WORLD ECONOMIC & MARKET DEVELOPMENTS
GLOBAL MARKETS: Despite UK Prime Minister Theresa May’s efforts to secure last-minute legal assurances from the EU over the contentious Irish backstop issue, the UK House of Commons rejected yesterday her Brexit plan for the second time, by a majority of 391 votes to 242 votes. Later today (20:00CET), MPs will vote on whether they “decline to leave the EU without a deal”. Prolonged Brexit-related uncertainty favored core government bonds. In FX markets, the GBP lost some ground but losses were rather limited.
GREECE: The IMF released yesterday its first Post-Programme Monitoring report projecting GDP growth at 2.4% in 2019, 2.2% in 2020 and 1.6% in 2021 gradually decelerating towards 1% in the medium term. 2019 GDP growth is expected to be driven by exports, private consumption and investment as sentiment improves. Greece’s medium-term debt repayment capacity is considered adequate although risks are rising and vulnerabilities remain. In other news, the new legal framework for the protection of debtholders’ first residence has still not been finalised with the institutions still reportedly raising objections regarding the eligibility criteria on the grounds that they are too generous.
SOUTH EASTERN EUROPE
SERBIA: According to the official statistical data released yesterday, in February, inflation jumped to 0.7% MoM and 2.4% YoY from 0.4% MoM and 2.1% YoY in January. However, core inflation remained at 1.3% YoY in February from 1.2% YoY in January, implying subdued inflationary pressures.
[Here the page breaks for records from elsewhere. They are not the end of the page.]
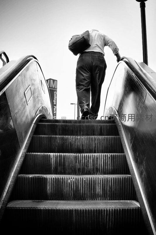 从低角度仰拍一名背着包的男子正乘坐自动扶梯向上,画面采用黑白色调,突显金属质感和线条,传达都市通勤的孤独感。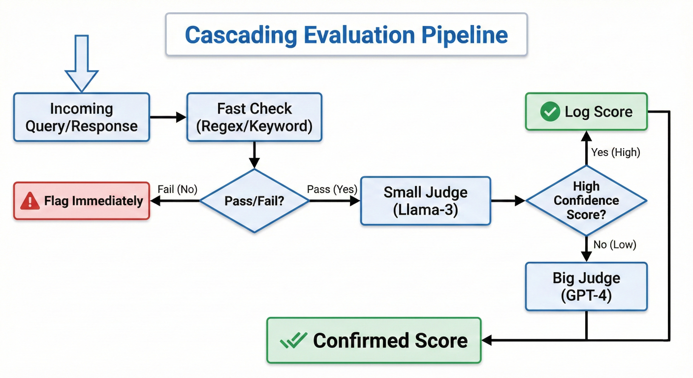 A flowchart showing a "Cascading Evaluation Pipeline". Step 1: Incoming Query/Response -> "Fast Check" (Regex/Keyword). Decision Diamond: Pass/Fail? If Fail -> Flag immediately. If Pass -> Step 2: "Small Judge" (Llama-3). Decision Diamond: High Confidence Score? If Yes -> Log Score. If No (Low Confidence) -> Step 3: "Big Judge" (GPT-4). Final Output: Confirmed Score.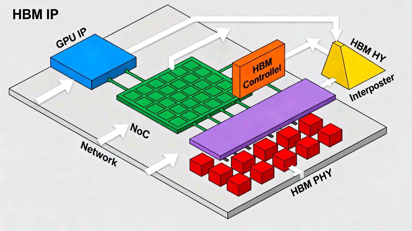 (4)IP核与控制:HBM IP、PHY、时钟/电源管理、安全模块 。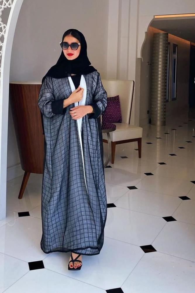 وأكملت مظهرها بإكسسوارات حيادية الألوان لتمنحها إطلالة مناسبة لموضة كل شتاء، ونسقت في الإطلالة الثانية عباية زهرية مزينة بقماش الدانتيل في الأطراف مع حذاء بكعب شفاف لخيار أنثوي أنيق، كما أطلت بعباية بيضاء مزينة بخطوط سوداء وبقماش شفاف أسود مع حجاب وحذاء باللون الأسود لإطلالة راقية، وظهرت بعباية كحلية مزينة بجيوب مطرزة بالفضي مع حذاء فضي وحقيبة من الجلد الكحلي، وفي الإطلالة الخامسة ارتدت عباية مصممة بقسمين، جاء الأول في الجزء العلوي باللون الأسود، أما الآخر فكان باللون الرمادي في الأسفل، وأكملت مظهرها باللونين الأسود والرمادي لخيار ناعم ومناسب للمشاوير اليومية.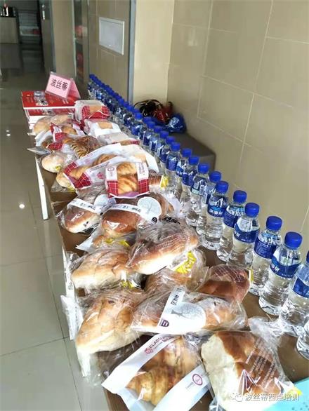 波絲蒂西點培訓學校陳紅林校長、劉君副校長為"愛心驛站"送來面包、礦泉水。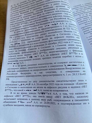 «Доводы Климентовой А. А. о том, что написав на асфальте «Нет в***е», она имела в виду «Нет вобле», поскольку испытывает неприязнь к данному виду рыб, содержащиеся в письменных объяснениях Климентовой А. А. от 24 сентября 2022 года и подтверждённые ею в судебном заседании, никак не опровергнуты», - стало известно из решения.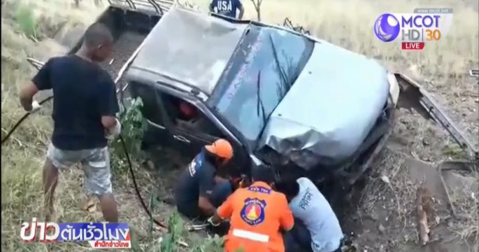 เกิดอุบัติเหตุรถกระบะแหกโค้งพลิกคว่ำทับคนขับรถอาการสาหัสบริเวณจุดทางโค้งอันตรายหลักกิโลเมตรที่ 33 ถนนสาแม่สอด-อุ้มผาง อำเภอพบพระ จังหวัดตาก เจ้าหน้าที่เข้าตรวจสอบที่เกิดเหตุ พบรถกระบะพลิกคว่ำชนต้นไม้อย่างแรง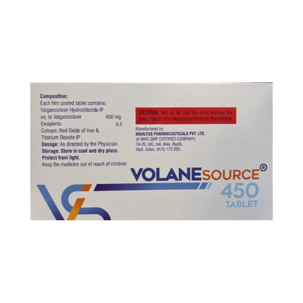 Volane Source 450 Tablet is used to treat cytomegalovirus (CMV) infection of the retina (retinitis) in adult patients with acquired immunodeficiency syndrome (AIDS). It is also used for the prevention of CMV infection in patients who have received an organ transplant from a CMV-infected donor. Volane Source 450 Tablet should be taken in the dose and duration as advised by your doctor. Do not skip any doses and finish the full course of treatment even if you feel better. It should be taken with food. You should drink plenty of water while on treatment with this medicine, as it helps prevent dehydration and kidney damage.Volane Source 450 Tablet may cause a few common side effects like diarrhea, vomiting, anemia, low white blood cells, low platelet levels, insomnia, and vomiting. Inform your doctor if these side effects persist for a longer duration.Before you start Volane Source 450 Tablet, let your doctor know if you have any medical conditions. Let your doctor also know about all the medications you are taking, as some medicines may interact with Volane Source 450 Tablet. Please consult your doctor if you are pregnant, planning to conceive, or breastfeeding.

As such, expectations over the inflation prices within 2019 are well anchored somewhere below the central midpoint of the inflation target, i.e. 3.0% YoY, with the upside risks for the inflation outlook coming from the external environment and particularly from the developments in the commodity markets, notably oil prices. Concluding, referring to the local debt capital markets, yesterday, Serbia’s Ministry of Finance raised EUR25mn in 3-year bonds at the reopening of the 23rd of January issue. The bonds that bear a 1.25% annual coupon and mature on the 25th of January in 2022 were sold at an average yield of 1.23%, down from the 1.25% yield achieved at the initial auction on the 23rd of January.